Mamajojo's Muse

"Is this not the kind of fasting I have chosen: To loose the chains of injustice and untie the cords of the yoke, to set the oppressed free and break every yoke?
Is it not to share your food with the hungry and to provide the poor wanderer with shelter- when you see the naked, to clothe him, and not to turn away from your own flesh and blood?
Then your light will break forth like the dawn, and your healing will quickly appear; then your righteousness will go before you, and the glory of the Lord will be your rear guard.
Then you will call, and the Lord will answer; you will cry for help, and He will say; here am I.
If you do away with the yoke of oppression, with the pointing finger and malicious talk,
and if you spend yourselves in behalf of the hungry and satisfy the needs of the oppressed, then your light will rise in the darkness, and your night will become like the noonday.
The Lord will guide you always; he will satisfy your needs in a sun-scorched land and will strengthen your frame.
You will be like a well-watered garden, like a spring whose waters never fail.
Isaiah 58: 6-11


Friday, July 16, 2021

 

On my walks to the lake, I watch the hawks and turkey vultures and recite Hopkins' poem to them. It helps to keep it stashed in my memory!
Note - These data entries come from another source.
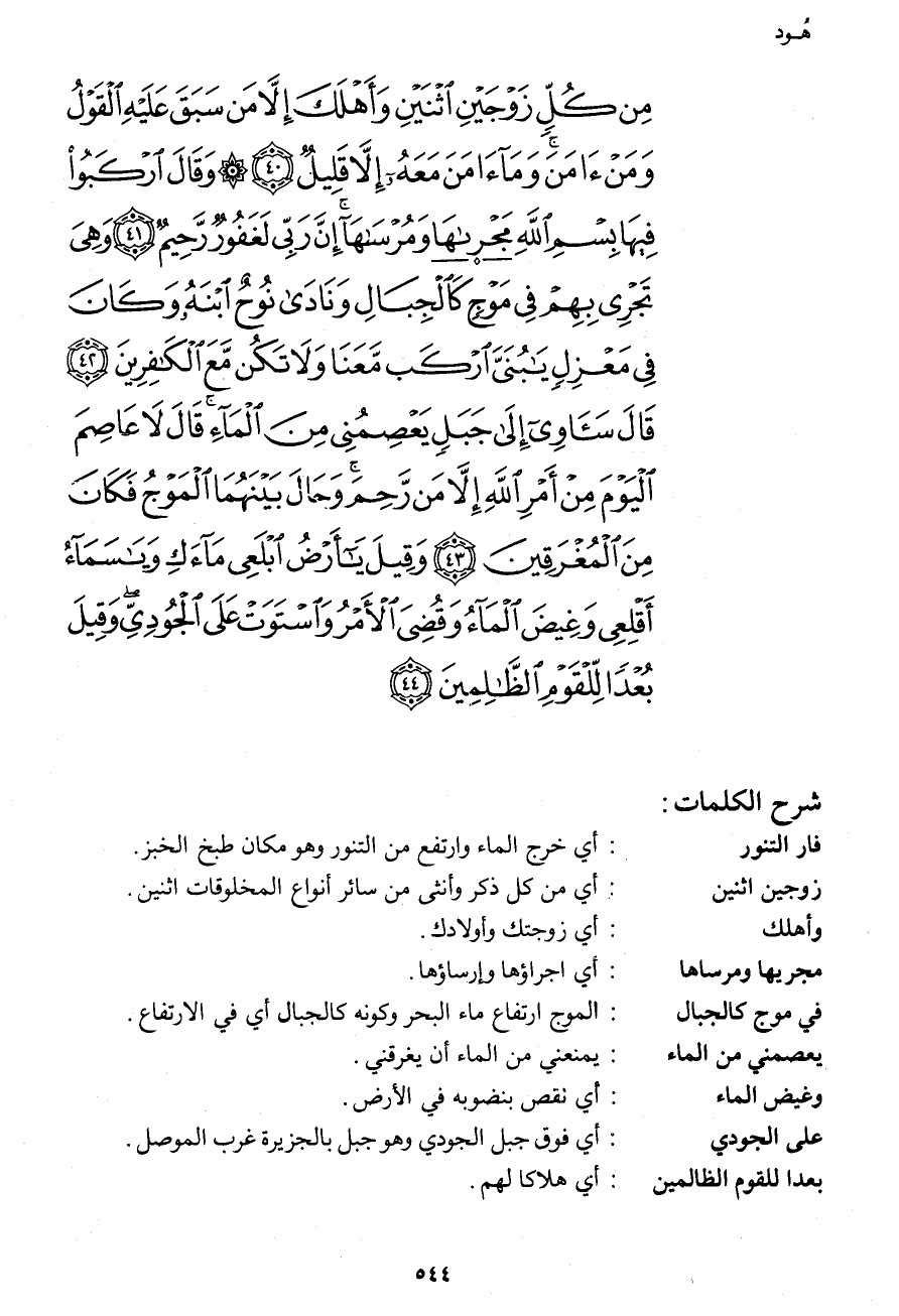 مِن كُلٍّ زَوْجَيْنِ اثْنَيْنِ وَأَهْلَكَ إِلاَّ مَن سَبَقَ عَلَيْهِ الْقَوْلُ وَمَنْ آمَنَ وَمَا آمَنَ مَعَهُ إِلاَّ قَلِيلٌ (40) وَقَالَ ارْكَبُواْ فِيهَا بِسْمِ اللهِ مَجْرَاهَا وَمُرْسَاهَا إِنَّ رَبِّي لَغَفُورٌ رَّحِيمٌ (41) وَهِيَ تَجْرِي بِهِمْ فِي مَوْجٍ كَالْجِبَالِ وَنَادَى نُوحٌ ابْنَهُ وَكَانَ فِي مَعْزِلٍ يَا بُنَيَّ ارْكَب مَّعَنَا وَلاَ تَكُن مَّعَ الْكَافِرِينَ (42) قَالَ سَآوِي إِلَى جَبَلٍ يَعْصِمُنِي مِنَ الْمَاء قَالَ لاَ عَاصِمَ الْيَوْمَ مِنْ أَمْرِ اللهِ إِلاَّ مَن رَّحِمَ وَحَالَ بَيْنَهُمَا الْمَوْجُ فَكَانَ مِنَ الْمُغْرَقِينَ (43) وَقِيلَ يَا أَرْضُ ابْلَعِي مَاءكِ وَيَا سَمَاء أَقْلِعِي وَغِيضَ الْمَاء وَقُضِيَ الأَمْرُ وَاسْتَوَتْ عَلَى الْجُودِيِّ وَقِيلَ بُعْداً لِّلْقَوْمِ الظَّالِمِينَ (44)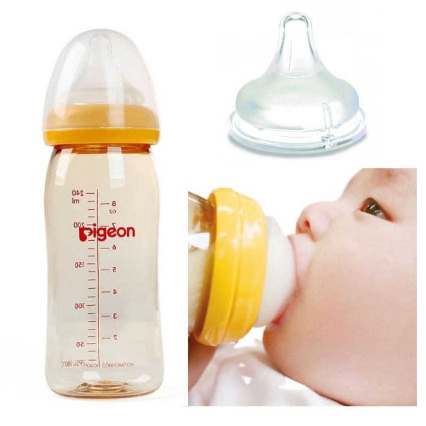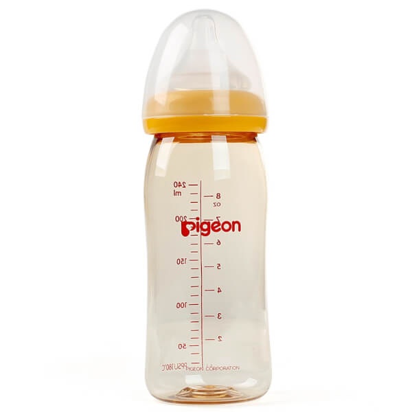 - Bình sữa Pigeon thủy tinh cổ rộng 240ml là một trong những dòng sản phẩm bán chạy nhất của thương hiệu này. Đây là sản phẩm hội tụ tất cả những yếu tố về bình sữa mà các mẹ đang tìm kiếm: an toàn tiện dụng, trẻ dễ ti bình và dễ dàng vệ sinh, tiệt trùng.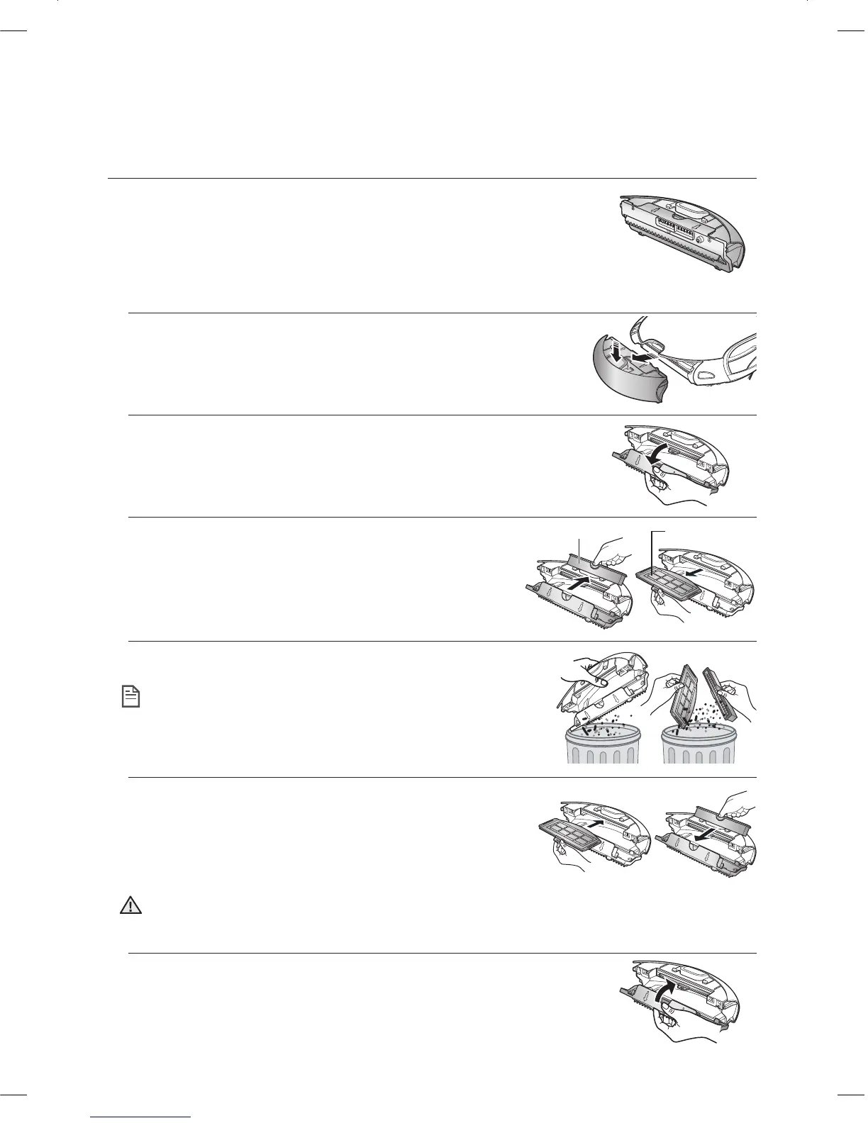 Reassemble the fi lter and mesh fi lter onto the dustbin.5.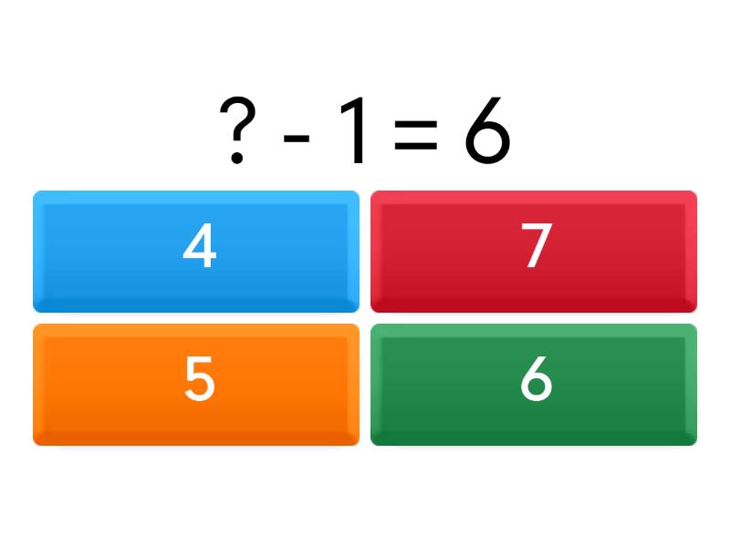1) ? - 1 = 6 a) 4 b) 7 c) 5 d) 6 2) ? - 5 = 3 a) 5 b) 2 c) 3 d) 8 3) ? - 1 = 9 a) 1 b) 10 c) 9 d) 8 4) ? - 5 = 0 a) 0 b) 4 c) 6 d) 5 5) ? - 4 = 2 a) 10 b) 14 c) 4 d) 6 6) ? - 2 = 8 a) 10 b) 2 c) 18 d) 8 7) ? - 3 = 7 a) 3 b) 10 c) 13 d) 7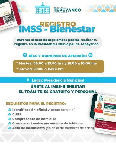 Durante septiembre podrás realizar tu registro en la Presidencia Municipal de Tepeyanco.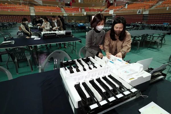 资料图:当地时间2022年3月8日,韩国大选倒计时一天,相关人员正在进行设备最后的检查和培训。
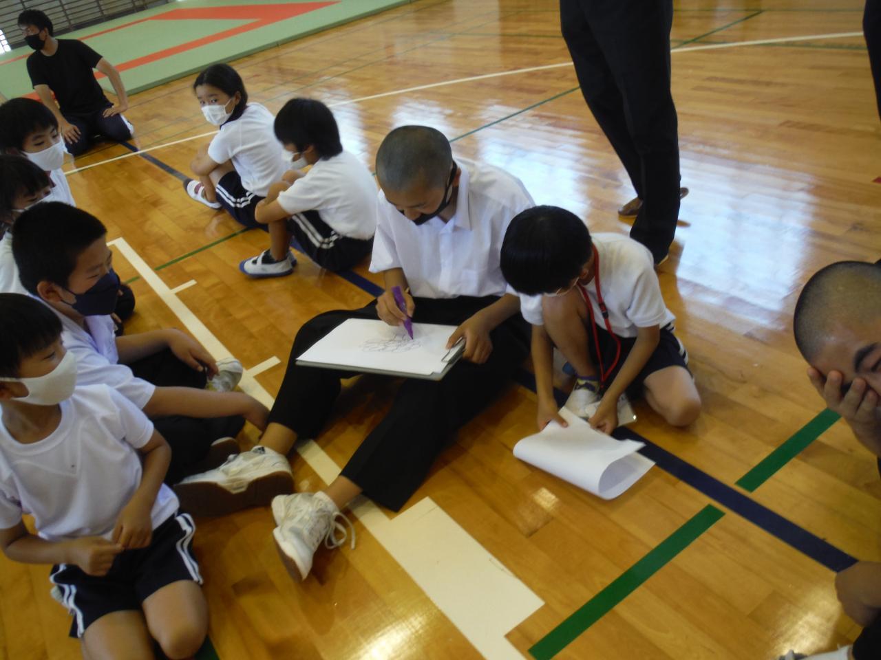 一つめは「フラフープ送り」体の大きな中学生は少し苦労していました。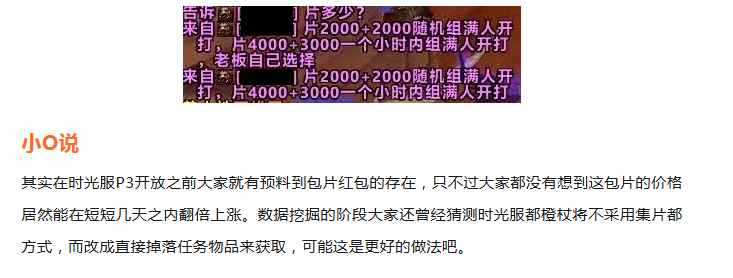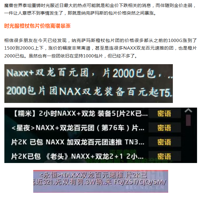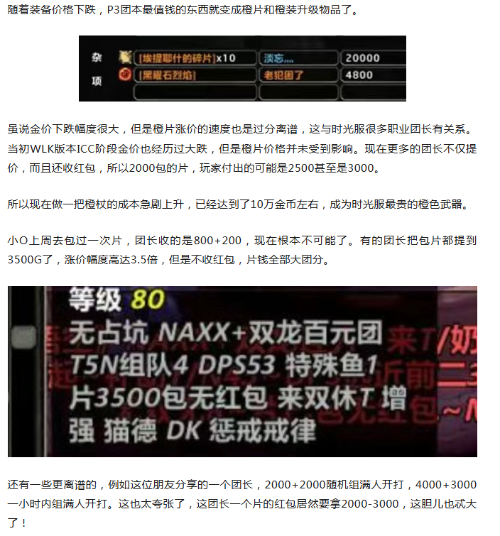 魔兽时光服:橙杖包片价格一天内暴涨,有团长提价3.5倍!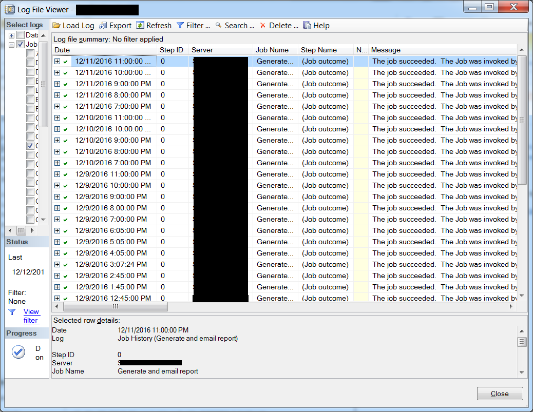 这是历史和工作计划的截图。历史表明,它每小时成功运行,直到12/11晚上11点。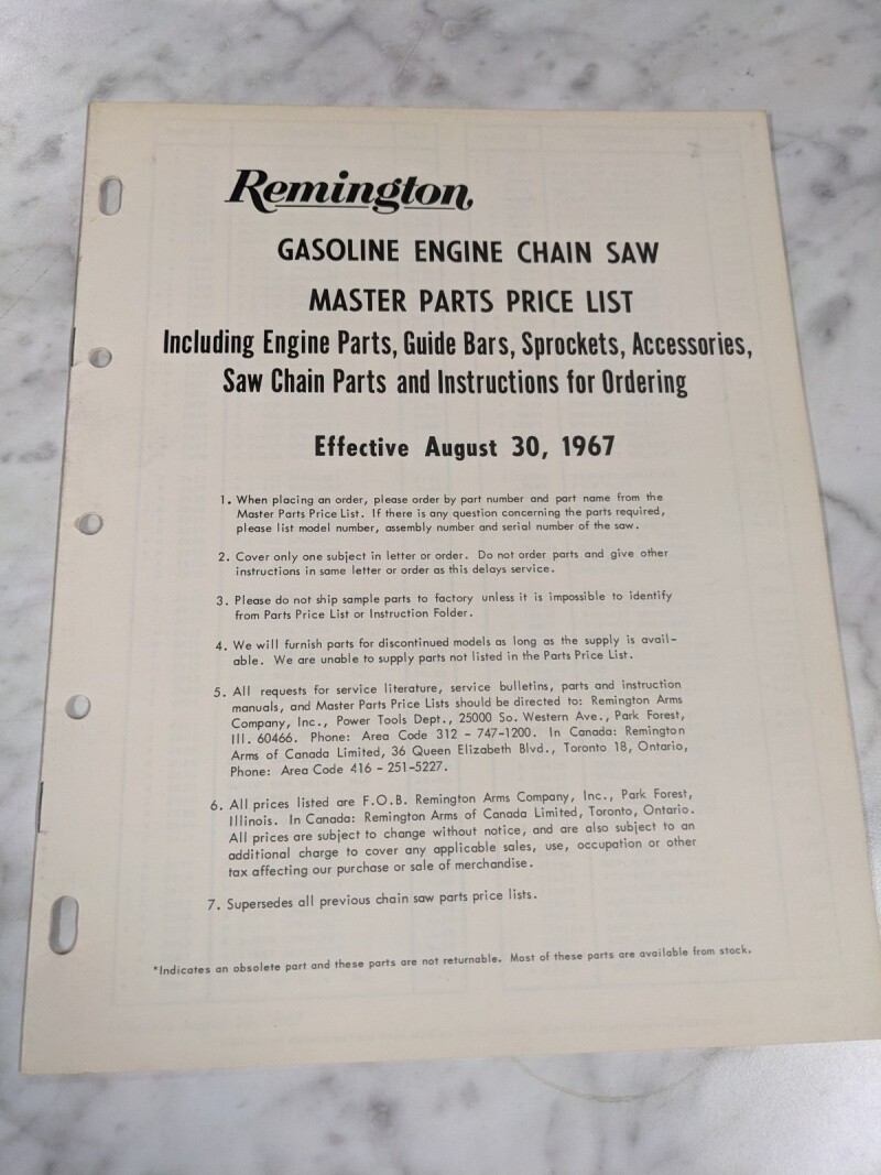 Remington Gasoline Engine Chain Saws Master Parts Price List 1967 Dealer Sales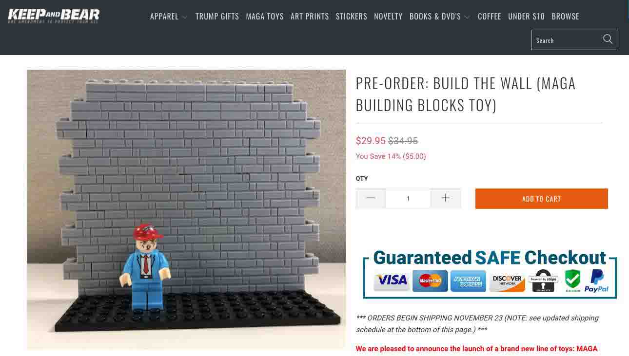 Por tan solo 29.95 dólares, la tienda en línea ‘keepandbear.com’ lanzó la preventa de un kit de 101 piezas para construir un muro, en referencia a la propuesta del presidente Donald Trump para reforzar la seguridad en la frontera sur de Estados Unidos.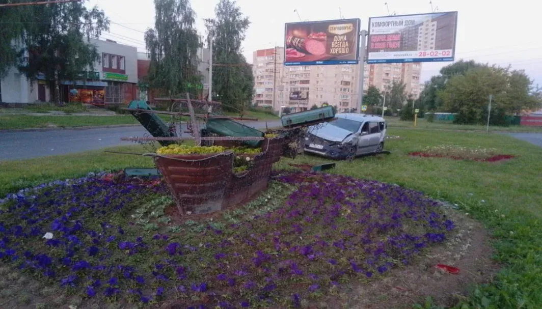 В результате аварии пострадала городская клумба: легковушка снесла стойку с подвесными кашпо, а цветочная композиция в виде корабля получила серьёзные повреждения.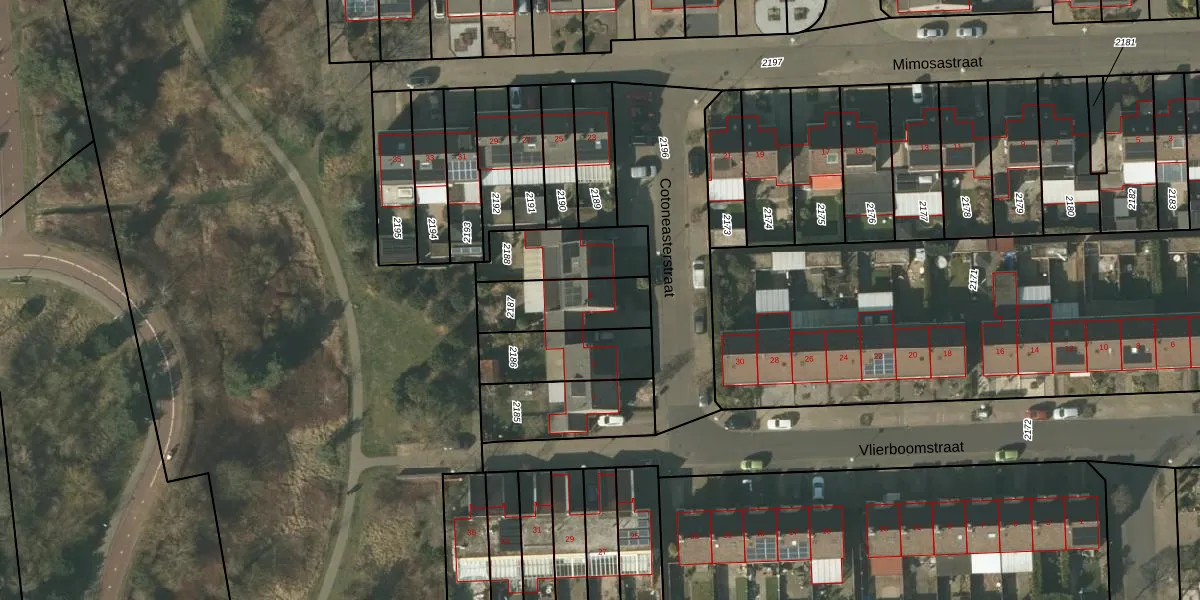 Cotoneasterstraat 5 is gelegen op kadastraal perceel VLO00N2187. Deze kadastrale aanduiding is uniek en wordt gebruikt door het Kadaster om eigendomsrechten en andere zakelijke rechten vast te leggen. Het perceel maakt onderdeel uit van de kadastrale gemeente Venlo.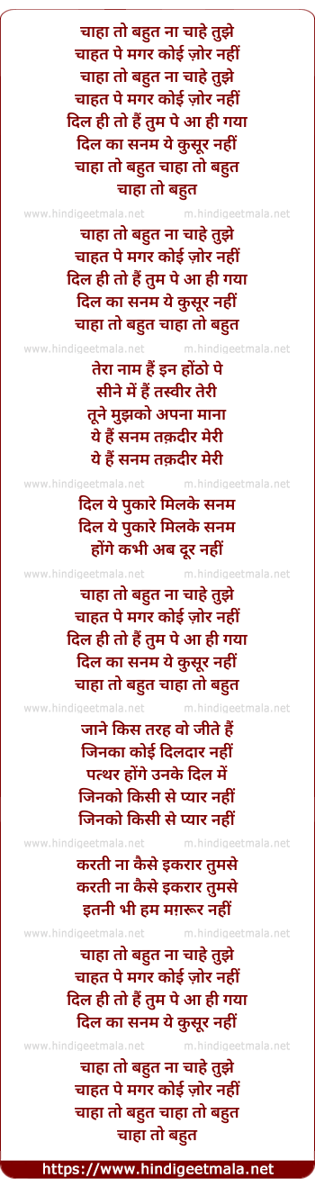 Lyrics of Chaha To Bahut Na Chahe Tujhe - चाहा तो बहुत ना चाहे तुझे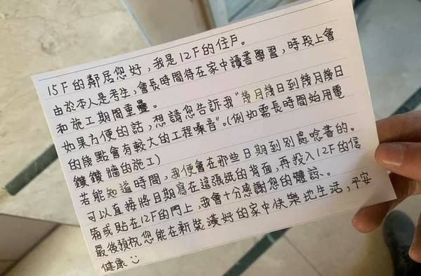 家中施工遭鄰居考生貼紙條 本以為來抱怨 一看內容讚嘆 千金難買好鄰居 太報 Line Today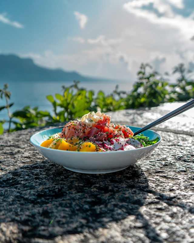 - Tataki de thon rouge mi-cuit avec sésame, guacamole maison, algues wakame, mayo-kimchy, et shishimi tagarashi

Here it is, along with my own response to the power of The Windhover.



 The Windhover 

BY GERARD MANLEY HOPKINS 

To Christ our Lord 

I caught this morning morning's minion, king- 

dom of daylight's dauphin, dapple-dawn-drawn Falcon, in his riding 

Of the rolling level underneath him steady air, and striding 

High there, how he rung upon the rein of a wimpling wing 

In his ecstasy! then off, off forth on swing, 

As a skate's heel sweeps smooth on a bow-bend: the hurl and gliding 

Rebuffed the big wind. My heart in hiding 

Stirred for a bird, – the achieve of, the mastery of the thing! 

Brute beauty and valour and act, oh, air, pride, plume, here 

Buckle! AND the fire that breaks from thee then, a billion 

Times told lovelier, more dangerous, O my chevalier! 

No wonder of it: shéer plod makes plough down sillion 

Shine, and blue-bleak embers, ah, my dear, 

Fall, gall themselves, and gash gold-vermilion. 



Shadow Wing 

By Kristen Swanson 

To Christ our Lord 

A curl of early air slips in where I 

lie warm, cocooned in darkness. Now I’m caught, 

dragged through raw grey space between this 

Insubstantial dream and sharp-edged morning. 

The sweet decay of dying leaves sings morning’s 

fallen rapture, but like a cruel minion 

sent to me from some inchoate kingdom, 

memory sets upon my chest a stone of 

Grief. No breath but sorrow’s gasp in daylight’s 

brightening air, obeisance to the dauphin, 

despair. Yet leaping lights that wing-dapple 

counterpane and wall call to a different dawn. 

To rise and meet candescent day I’m drawn 

By courage dressed in feathers, valorous Falcon.